Comparative mitochondrial genomics of freshwater mussels (Bivalvia: Unionoida) with doubly uniparental inheritance of mtDNA: gender-specific open reading frames and putative origins of replication

Abstract

Doubly uniparental inheritance (DUI) of mitochondrial DNA in marine mussels (Mytiloida), freshwater mussels (Unionoida), and marine clams (Veneroida) is the only known exception to the general rule of strict maternal transmission of mtDNA in animals. DUI is characterized by the presence of gender-associated mitochondrial DNA lineages that are inherited through males (male-transmitted or M types) or females (female-transmitted or F types), respectively. This unusual system constitutes an excellent model for studying basic aspects of mitochondrial DNA inheritance and the evolution of mtDNA genomes in general.

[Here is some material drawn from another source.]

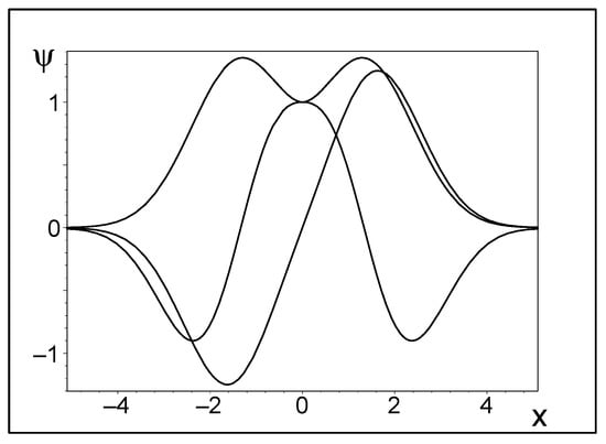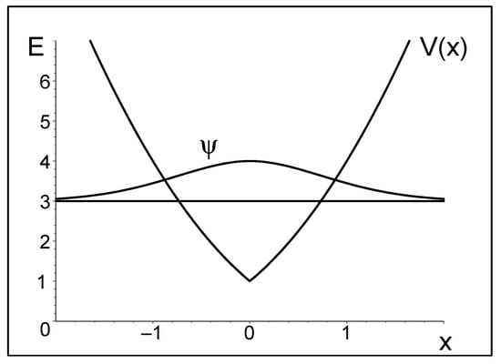 Clearly, function (10) obeys the standard matching conditions in the origin (i.e., it has a continuous logarithmic derivative there) and it solves our bound-state problem (2) + (11) at . Thus, QES expression (10) represents the exact even-parity ground-state wave function. In Figure 2 our QES choice of parameters has been used for illustration purposes. The similar elementary QES feature also occurs after one moves to the double-well dynamical regime.

Here we compare published mitochondrial genomes of unionoid bivalve species with DUI, with an emphasis on characterizing unassigned regions, to identify regions of the F and M mtDNA genomes that could (i) play a role in replication or transcription of the mtDNA molecule and/or (ii) determine whether a genome will be transmitted via the female or the male gamete. Our results reveal the presence of one F-specific and one M-specific open reading frames (ORFs), and we hypothesize that they play a role in the transmission and/or gender-specific adaptive functions of the M and F mtDNA genomes in unionoid bivalves. Three major unassigned regions shared among all F and M unionoid genomes have also been identified, and our results indicate that (i) two of them are potential heavy-strand control regions (O(H)) for regulating replication and/or transcription and that (ii) multiple and potentially bidirectional light-strand origins of replication (O(L)) are present in unionoid F and M mitochondrial genomes. We propose that unassigned regions are the most promising candidate sequences in which to find regulatory and/or gender-specific sequences that could determine whether a mitochondrial genome will be maternally or paternally transmitted.

Figure 1.—

Gene maps of the gender-associated mitochondrial genomes of unionoid mussels. Gene identities: nd1–6 and nd4l, NADH dehydrogenase subunits 1–6 and 4L (complex I in green); cytb, cytochrome b (complex III in light blue); cox1-3, cytochrome c oxidase subunits I–III (complex IV in blue); atp6 and atp8, ATP synthase subunits 6 and 8 (complex V in light purple); 12SrRNA and 16SrRNA, small and large subunits of ribosomal RNA (in purple). Transfer RNA genes (in gray) are depicted by one-letter amino acid codes; L1, L2, S1, and S2 are differentiated by their anticodon sequences CUA, UAA, AGA and UCA, respectively. F ORF, F-specific open reading frame (orange); M ORF, M-specific open reading frame (red). Genes positioned inside the white circle are encoded on the light strand and genes outside the circle are encoded on the heavy strand. Arrows A, B, and C indicate shared unassigned regions >20 bp between F and M unionoid genomes [i.e., A, nd5–trnQ (this region contains trnH in M genomes); B, trnF–nd5; and C, between nd3–trnA (this region contains trnH in P. grandis, Q. quadrula, and V. ellipsiformis F genomes)].

Figure 2.—

Amino acid sequences of the potential peptides encoded by gender-specific open reading frames (F and M ORFs). The amino acids that constitute the putative transmembrane helix are indicated in boldface type and bigger characters. Positively charged amino acids are in red. The synthesized antigenic peptides used to generate antibodies for the Western blots are underlined.

Figure 3.—

Expression of the F and M ORFs in female and male gonads, respectively, from V. ellipsiformis. Western blots are revealed with anti-F ORF and anti-M ORF antibodies. The origins of the tissue samples for each lane are indicated. The positions of marker proteins (kDa) are shown.

Figure 4.—

AT-skew values in 12 mitochondrial genes (excluding atp8) of unionoid mussels and the deduced locations of the putative O_H and O_L in each genome. Because they share a similar pattern, V. ellipsiformis and Q. quadrula have been analyzed together. The big black arrow indicates the unassigned region located between “F nd5–trnQ” and “M nd5–trnQ+H” and the potential direction of DNA synthesis, whereas the small black arrow indicates the unassigned region located between “M nd3–trnA” and “F trnH–trnA” and the potential direction of DNA synthesis. (A) Inversidens japanensis, (B) Quadrula quadrula and Venustaconcha ellipsiformis, and (C) Pyganodon grandis.